Vestas Wind Systems (OTCPK:VWDRY) +11% Wednesday in European trading despite reporting a bigger than expected Q2 net loss, as the wind turbine maker said it was able to pass along high costs from raw materials and transport to customers.
Vestas (OTCPK:VWDRY) said it raised its prices in Q2 by 22% Y/Y, an indicator that the company's hard-hit profit margins could improve.
Vestas (OTCPK:VWDRY) swung to a Q2 net loss of €119M ($121.5M) from a profit of €82M in the year-earlier quarter, as revenue fell 6.5% to €3.31B, below analyst consensus estimates for a a net loss of €85M on revenues of €3.49B.
But the company said the average selling price of its onshore products in Q2 increased to €960K/MW.

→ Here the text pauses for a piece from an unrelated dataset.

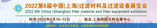 2022中国(上海)过滤材料及过滤设备展览会,将于2022年8月在上海跨国采购会展中心举行,本届展会将以“创造客户价值与引领产业发展”为主题,集中展示过滤材料及设备在石油、化工、电力、冶金、环保、水处理、制药、卫生、防疫、食品、烟草、精细化工、汽车、能源、市政、造纸、印染、水泥、钢铁、油漆、喷涂、电器、新风系统、空气净化、空调、陶瓷、环境工程等行业内的巨大市场和发展前景。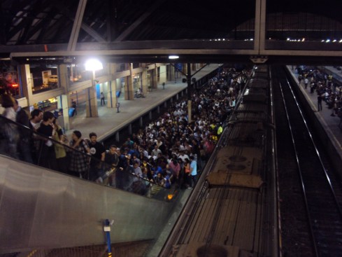Claro que o retorno foi uma mega muvuca. Praticamente um estádio inteiro se espremendo para entrar na estação, mas já estávamos preparados para isso e sabíamos que esta escolha de transporte não incluía conforto no pacote.

"We have taken in orders at the highest price level in ten years," CEO Henrik Andersen told Reuters. "Our price development will lead to a more positive 2023."
Andersen also said the new climate and energy bill passed in the U.S. Senate this week is "very supportive of renewable energy in the United States over the next 10 years," and if passed by the U.S. House would strengthen Vestas' (OTCPK:VWDRY) order intake next year and in 2024.
For the full year, Vestas (OTCPK:VWDRY) said it continues to expect revenues of €14.5B-€16B and an EBIT margin of flat to -5%, and still anticipates total investments of ~€1B for the year.